Гостья кивнула и скрылась в белоснежном облаке подушек.
Мобильная кофейня в расписной буханке «фольксвагена» припарковалась на привычном месте, в трех улицах позади, вблизи оживленного перекрестка. Бирюзовый корпус с белыми пальмами, откидной крышей и боковиной под барную стойку, внутри пластиковый суррогат, бутыли сладких сиропов, подносы с заветренной выпечкой и главный экспонат – кофемашина величиной с мини-бар.

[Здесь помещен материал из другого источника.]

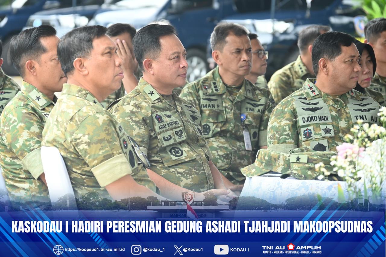 Jakarta-Penkodau I. Panglima Kodau I Marsda TNI Muzafar, S.Sos., M.M., yang diwakili Kaskodau I Marsma TNI Arief Hartono, S.H., MNSA., turut menghadiri peresmian gedung Ashadi Tjahjadi Makoopsudnas oleh Kepala Staf Angkatan Udara Marsekal TNI M. Tonny Harjono, S.E., M.M., tempat di Koopsudnas, Halim Perdanakusuma Jakarta, Jumat (20/2/26).
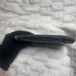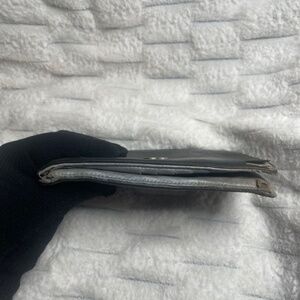 Please examine the images closely to see the condition. It's still usable; the zipper works, and the coin compartment is clean. It includes the cards with the code. The main damage is on two corners. Let me know if you have any questions. The wallet shows wear and stains from use; it was my favorite for a while.
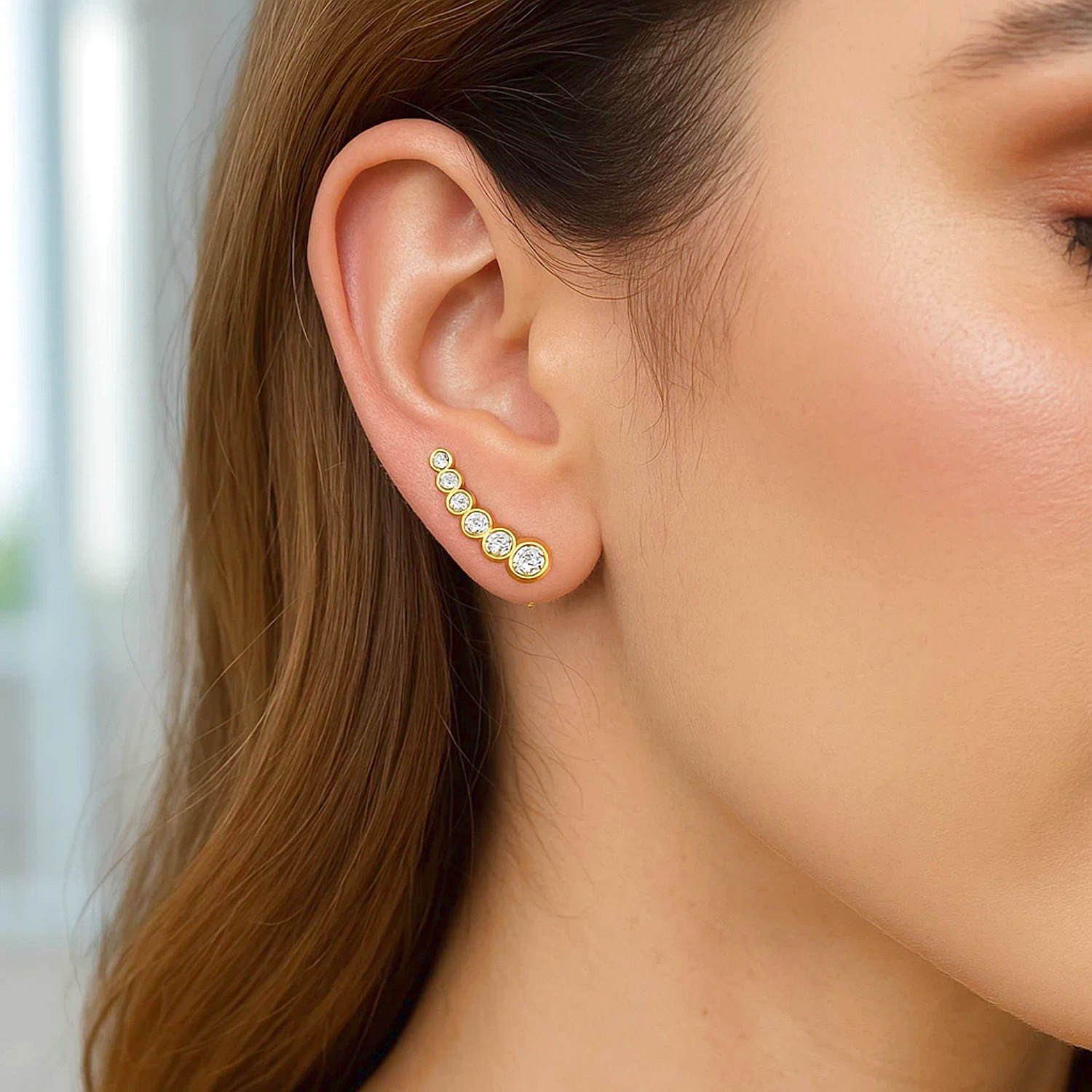 14K Gold Graduated Circles Climber Stud Earrings with Cubic Zirconias offer a modern look that extends upward from the ear with their elegant design. The graduated structure, consisting of six rings, is completed with sparkling cubic zirconia stones on each ring. Thanks to its genuine 14K yellow gold construction, it does not tarnish, is nickel-free, and hypoallergenic. Its polished surface and the sparkle of the stones add an elegant shine even to simple outfits.
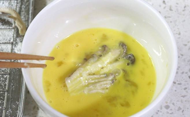 부침가루, 계란, 물, 소금으로 반죽을 만든 다음 버섯을 넣어 섞어줍니다.
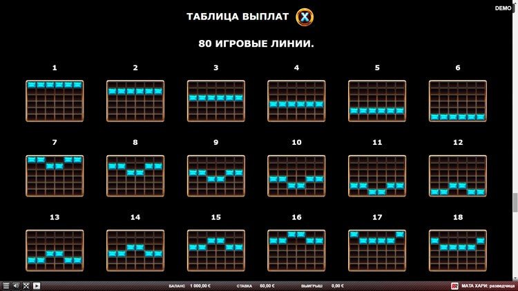 | Мата Хари | 30 | 60 | 300 | 3000 |
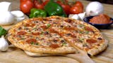 Our thinner but not thin lightly topped pizza with mozzarella, pepperoni, sausage, beef and ham.
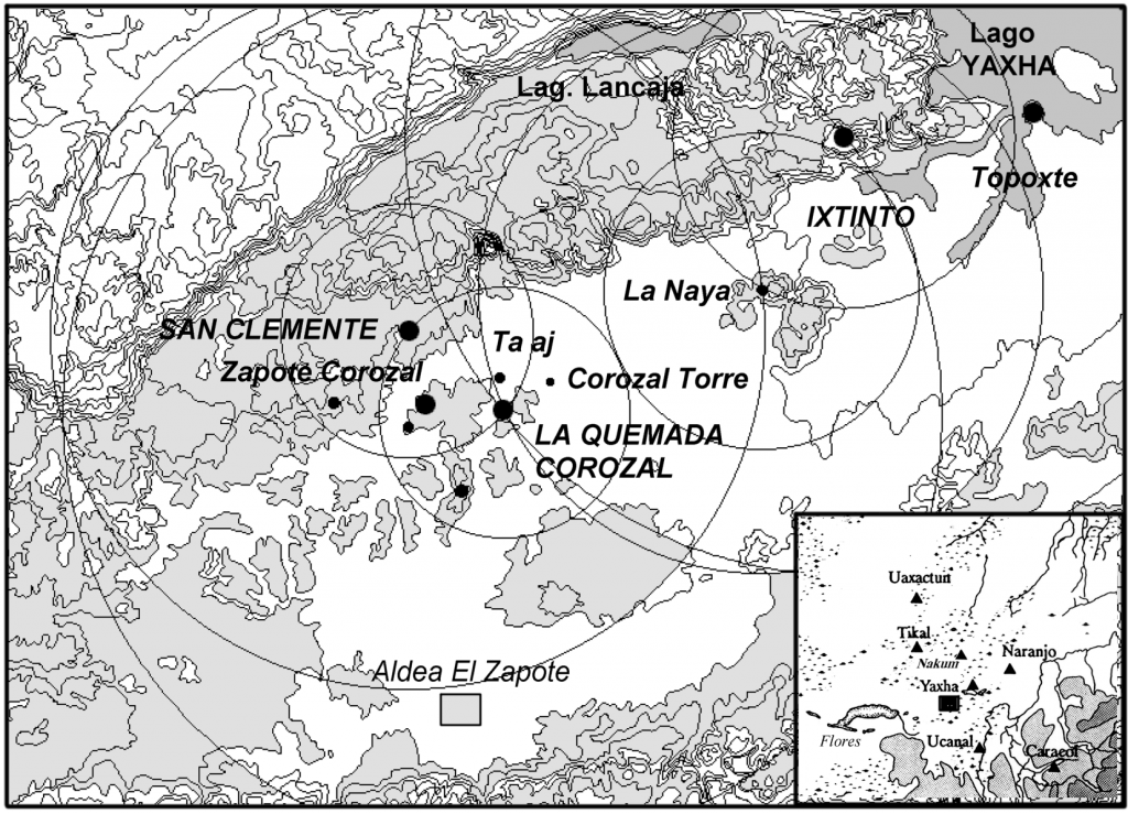 Figura 1 Localización geográfica de la sub-región central de los lagos del centro de Petén, con la ubicación de los sitios periféricos a La Quemada Corozal, y probable área de influencia
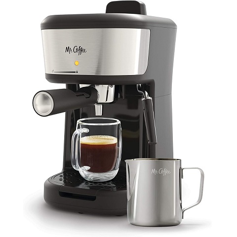 Amazon - Mr. Coffee Espresso and Cappuccino Machine, Single Serve Coffee Maker with Milk Frothing Pitcher and Steam Wand, 20 ounces, Stainless Steel,Black
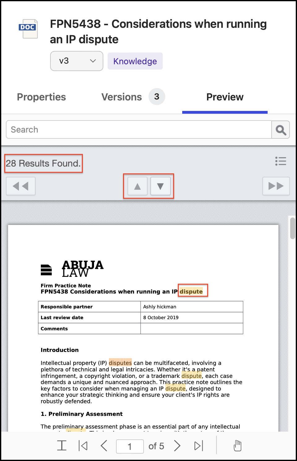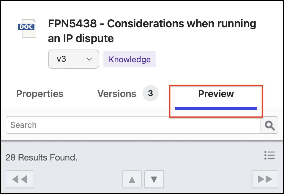 Figure: Preview panel optionThe document preview loads in a few moments. The search phrase is highlighted wherever it occurs in the document. The number of times the term/phrase appears in the document is mentioned. You can use to move to the previous and next highlights, respectively.
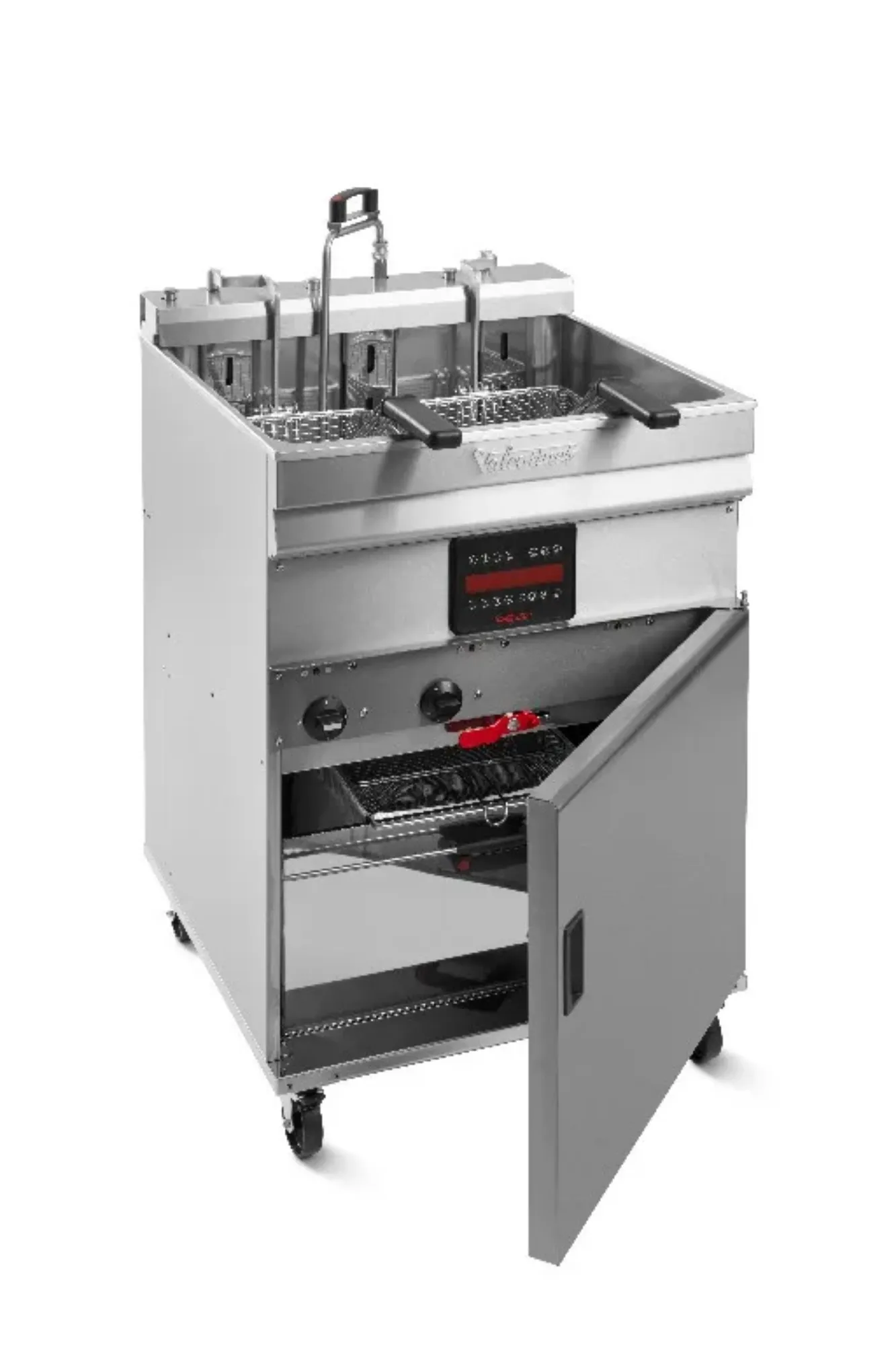 The Evolution series from Valentine offers a simple-to-operate, low-maintenance range of frying equipment designed to fit perfectly into any commercial kitchen. The fry pan is pressed from a single sheet of stainless steel and provides a durable, smooth, rounded, easy-to-clean profile. The reduced size cool zone ensures both energy efficiency and a high output to oil ratio. Fast pre-heat and recovery times are achieved thanks to the double insulated pan, so users will benefit from reduced energy and oil costs without any compromise on output or food quality.
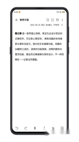 酷记事是一款简单好用的记事本软件,界面简洁大方,用户可以随时记录生活中的重要事项、撰写日记,还能对记录内容进行分类整理,充分满足工作和学习上的需求。
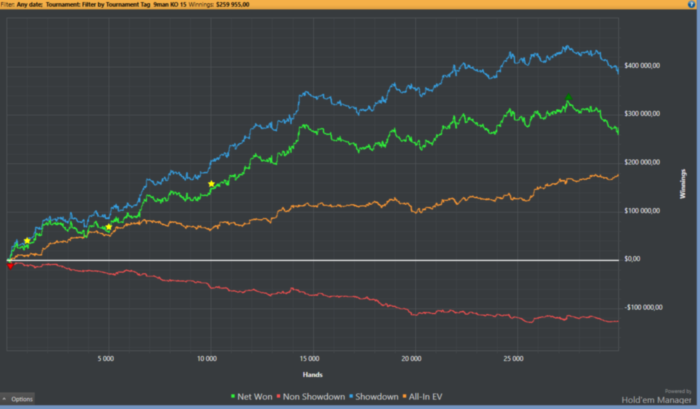 Теперь смотрим: банк на флопе составляет 4370 фишек. То есть по сути мы выставились префлоп алл ин имея 52% на победу против двоих. Следовательно, линия EV, совершая данное действия, должно дико расти.

Антон догадывался, почему Брахман выбрал легендарный минивэн для работы: достаточно вспомнить его клиентуру, с тупым обожанием поминающую Вудсток, где их никогда не было и быть не могло.
Однако «хиппи-мобиль» манил не только бодрящим напитком с пышными булочками. Со всего города к машине стекались любители побродить по неизведанным мирам под действием какой-нибудь новомодной дури. Были в кофейне и вещества экзотические: коренья, грибы и листья, от которых, как утверждал Брахман, непременно услышишь голос богов. Но большим спросом пользовалось, конечно, зелье.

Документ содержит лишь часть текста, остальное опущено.